DATA PROVIDED:
◇ ◇ ◇ ◇

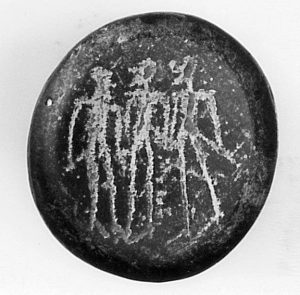 Ronde schijf van zwart gegoten glas met een vlakke bovenzijde voorzien van drie mager weergegeven staande menselijke figuren
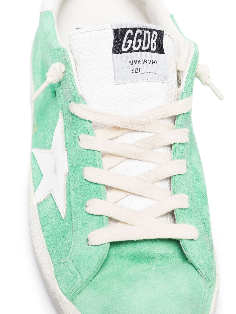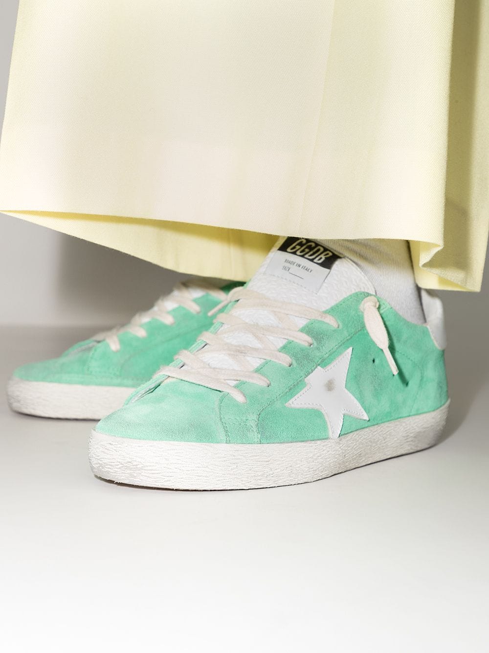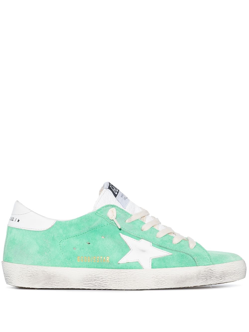 Golden Goose's iconic Super-Star silhouette is reinvented every season in new colourways and materials. The brand's SS22 collection includes this green and white pair, adorned with a signature star patch at the side and boasting a distinct distressed finish.
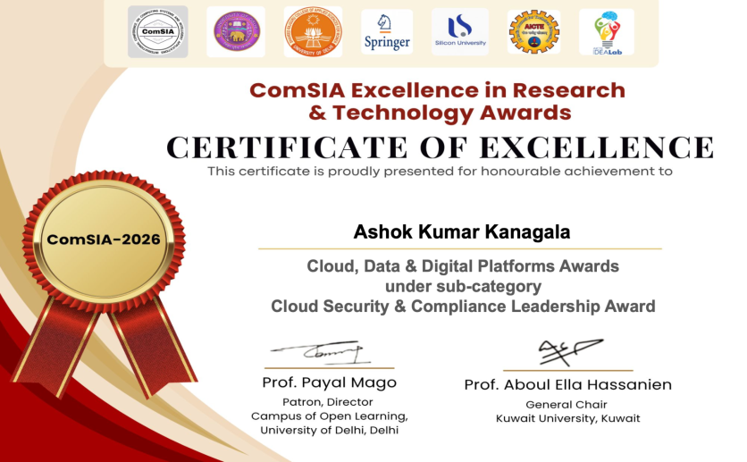 In addition to this recognition, Kanagala was also awarded the Cloud Security & Compliance Leadership Award under the Cloud, Data & Digital Platforms category at the ComSIA 2026 international conference. The award recognizes leadership in advancing secure cloud infrastructure and compliance-driven digital transformation initiatives across enterprise environments.
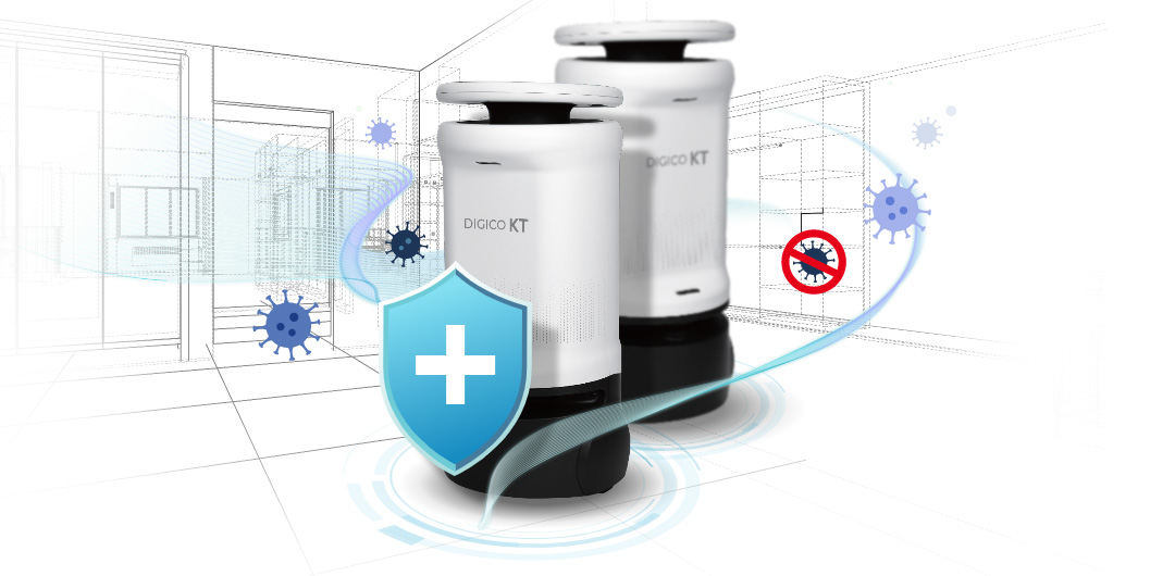 로봇이 구석구석 이동하며 로봇 바닥면의 UV-C Lamp로 바이러스들을 살균해줍니다.

◇ ◇ ◇ ◇

REQUIREMENT: Keeping pictures out, repeat exactly the lines from the one containing "In addition to" through the end of the listing.

RESPONSE TO THE TASK:
 In addition to this recognition, Kanagala was also awarded the Cloud Security & Compliance Leadership Award under the Cloud, Data & Digital Platforms category at the ComSIA 2026 international conference. The award recognizes leadership in advancing secure cloud infrastructure and compliance-driven digital transformation initiatives across enterprise environments.
 로봇이 구석구석 이동하며 로봇 바닥면의 UV-C Lamp로 바이러스들을 살균해줍니다.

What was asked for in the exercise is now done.